Insulating the firewall does help, and doesn't take a huge amount of
time, just a lot of fiddling and trimming to get the insulation just
right before attaching it.
However, as one who heard the scream of twin superchargers all the
way home from Vegas, I'm looking into double-paned glass anyway. Earplugs
help somewhat, but even a 30dB reduction from 110dB still leaves you
hearing an 80dB whine for hours.
I insulated the firewall before Vegas. It knocked off about 12dB from the
lower end of the spectrum, about 6dB from the higher end. I used a dB meter
for overall level, and a portable DAT for capturing the sound, which I then
analyzed for spectrum to see the improvement. (Hey, I do audio for a
living, so I'm a _professional_ audio weenie...) It helped most at cruise -
kills a lot of the pounding - but didn't do a huge amount for the
blower noise.
Any thoughts from the gallery on quieting supercharger whine? Forest
Goodhart's car has a different drive system and is somewhat quieter, but
using a stethoscope on mine revealed most of my noise coming from the blower
housing itself (although the belts were pretty noisy, too).
-tom, who _will_ use a dB meter to see if the glass really helps or not
Date: Sat, 14 Nov 1998 18:51:34 +0000
From: [email protected]
Subject: Re: Windshields
To: Multiple recipients of list {[email protected]}
{{The windshield in my 72 Pantera is starting to show sand marks,chips,etc..

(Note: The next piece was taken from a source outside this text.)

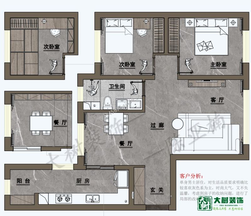 详情北欧风119.7平米三室两厅户型图装修效果图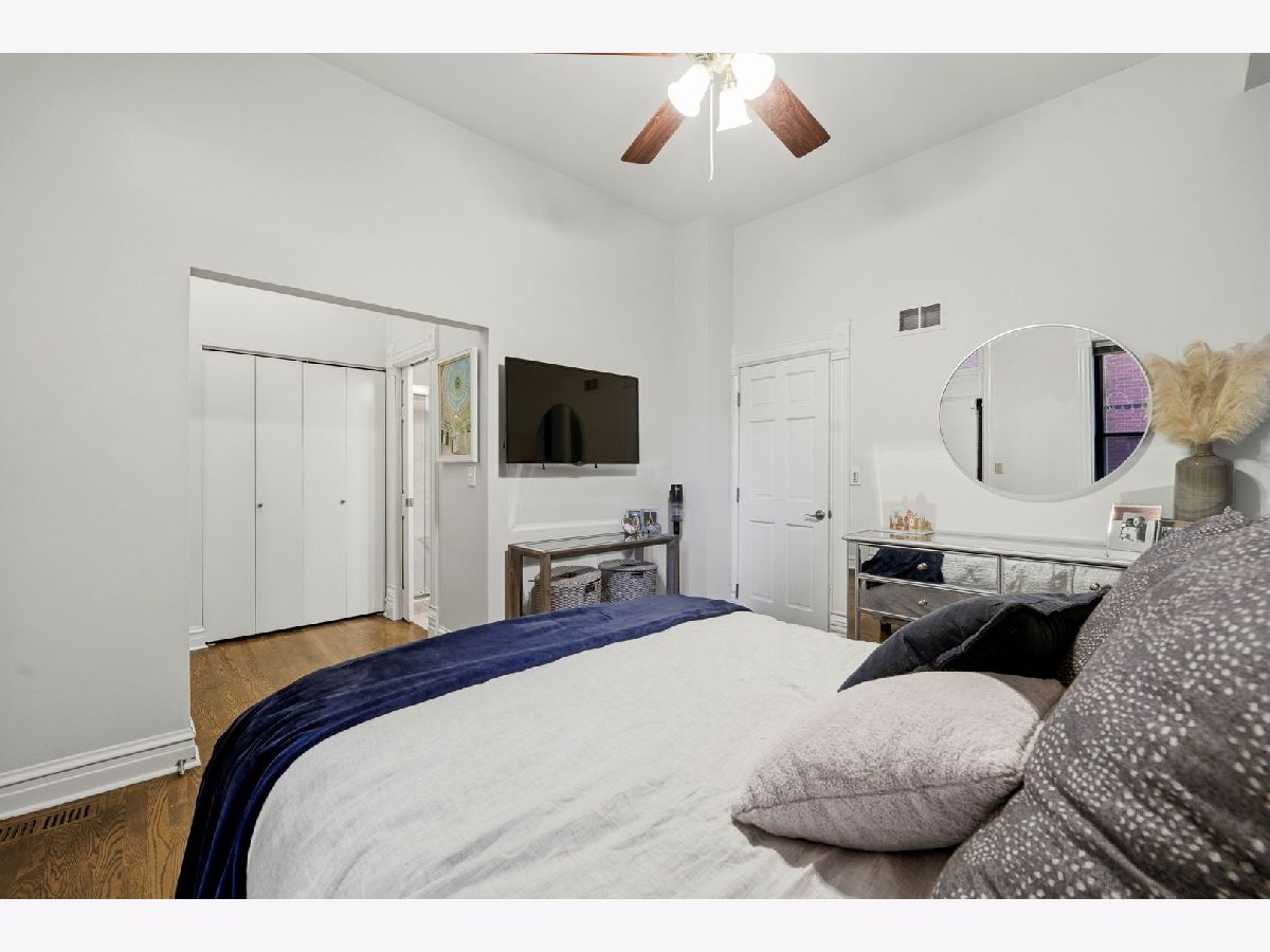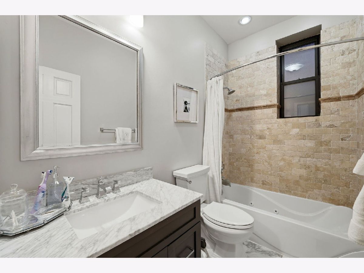This spacious 3-bedroom, 2-bathroom duplex-down residence is located in prime Lincoln Park, just steps from Trebes Park. It's situated within the highly sought-after Oscar Mayer School District. This home seamlessly blends vintage charm with thoughtful modern updates throughout. The open-concept kitchen, dining, and living area features tall ceilings, original crown molding and baseboards, hardwood floors, and fireplace. The fully renovated kitchen offers a clean, modern design ideal for both everyday living and entertaining. The primary suite includes two large closets and a beautifully renovated stone bath with a walk-in shower, along with access to a newly expanded private rear deck. A generously sized second bedroom-recently renovated-with ample closet space and an additional fully updated bathroom complete the main level. The expansive lower level boasts a large family room and a third bedroom with French doors, perfect for a home office or guest space. Additional improvements include a newer AC unit, new washer and dryer, and freshly painted interiors throughout. Enjoy unbeatable convenience with Trebes Park just across the street and a short walk to neighborhood favorites like Old Pueblo, Pequod's, Homeslice, and Range, along with numerous coffee shops. Easy street parking is available and rarely an issue. Located in the desirable Sheffield Neighbors district of Lincoln Park, this home truly stands out.

My question is: Are windshield for Panteras from another car or were they
made just for Panteras? }}
It is a Pantera windshield only. You can find windshields for sale for
Panteras in Hemmings Motor News. I have seen them for as little as $350.
Shop around.
Date: Sat, 14 Nov 1998 19:59:02 +0000
From: David Nunn {[email protected]}
Subject: Re: Windshields
To: Multiple recipients of list {[email protected]}
Be careful buying "jobber" windshields in Hemmings. Some of them fit VERY
BADLY. If it is made in South America or Mexico, chances are good that it is
not even close to OEM. One of the problems with these cheap windshields is
in the curvature of the glass. They distort a fair amount in these curved
areas. Pantera East has jobber windshields made by Sigla in Germany. The
quality is top notch. Sigla is now the OEM manufacturer for DeTomaso (as
well as Porsche, Mercedes, BMW etc.).
Date: Sat, 14 Nov 1998 20:25:49 +0000
From: [email protected] (George P. Dausch IV)
Subject: Re: Windshields
To: Multiple recipients of list {[email protected]}
As answered by Jim Demick, it's a Pantera application only. If you do a
search on the archives, you'll find a lot. However, having just R&R'd
mine three times until I'm 90% happy, I think there are other things to
consider before price.
Some of last years posts talked about brand (mfr), tint (at the top),
fogging at the edges, and about size. Nothing seemed relevant at the
time, and I just stored this away in the old memory bank. However, now I
understand.
The old windshields seen particularly susceptible to fogging at the
edges. It creeps up until the first 1-2" are all foggy on the
perimeter. Maybe a brand issue, I don't know. Some of the windshields
come with the top few inches tinted. Don't know which.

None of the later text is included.